The authors of [32] proposed their own specially designed datasetы—RusIdioStyle. The peculiarity of the dataset was using mostly short texts on different topics written by 125 authors. For authorship identification, a scheme of pairwise classification was used in the case that this method is close to the real forensic examination. In cross-topic tasks, semantic coherence features were introduced to supplement well-established n-gram features. Distance-based measures were compared with ML algorithms (SVM, KNN). The authors identified 17 out of 300 features as the most significant. Among them were frequency distributions of six punctuation marks, five words, four symbols, and two parts of speech. The results of the experiment confirmed the authors’ hypothesis that for short texts distance-based measures work better than ML methods. Moreover, the results of the pairwise classification show that in complex cross-thematic scenarios the best results were obtained for features that did not depend on the topic of the text. In the pairwise comparison, the obtained accuracy was from 60.1% to 87.5%.

The Russian language has many unique characteristics that distinguish Russian from others: specific accents, complex word formation, borrowings from ancient Slavic languages. As a result, it is incorrect to use the set of informative features which provide high accuracy for other languages. In addition to the language, the size in characters and the theme of the text impose some limitations on the method.

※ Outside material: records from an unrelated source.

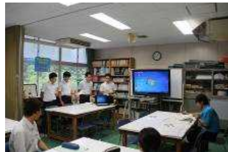
泉支所へのプレゼン
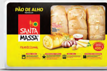
Pão de Alho Santa Massa Tradicional 400g
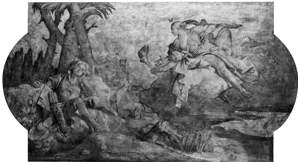
9 - GIAMBATTISTA E GIANDOMENICO TIEPOLO, Diana ed Endimione . Già Venezia, palazzo Driuzzi a Santa Croce
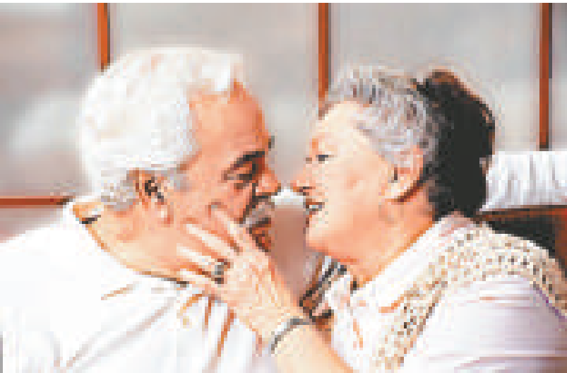
研究指越來越多的七十多歲男女仍有性生活

與一九七一年接受訪問的七十歲女人相比，二〇〇一年接受訪問的七十歲女人的性活動增加了近一倍，而表示「總是有和常常有」高潮的人數亦大幅上升。這表明她們可能因性道德觀念逐漸開放而得益。

2.3. Related Works on Using FastText for Authorship Attribution

In NLP tasks, much attention is paid to the quality of word representation. The fastText library in the implementation of Facebook [33] is a significant step in the evolution of vector semantic models and ML in text processing. However, it has not been applied to determine the authorship of short Russian-language texts yet, and it was decided to pay special attention to this model in this study. The main advantage of fastText is the processing speed in comparison with other models. Skip-gram negative sampling is used to model vector representations of words. Some languages (including Russian) contain compound words. Therefore, a subword model is added to the basic model, allowing the representation of words in the form of n-grams. Hashing is used to fix the dimension of features.

To solve the problem of identifying the author of a Bengali text, the authors of the study [34] applied the approach based on fastText due to the rapid training of the model. The dataset was obtained from three online public blogs. The total dataset consisted of 3 authors. 300 texts per author were used as the training dataset and 50 were used for testing. N-grams from one to five, as well as various combinations of them, were used as feature sets. Using fastText, an accuracy of 82.4% was achieved, surpassing the NB classifier’s best accuracy of 69%, but inferior to SVM’s 85%. Using n-grams of length 5, the training time of SVM was 2700 ms, of NB was 2235 ms, and of fastText was only 147 ms.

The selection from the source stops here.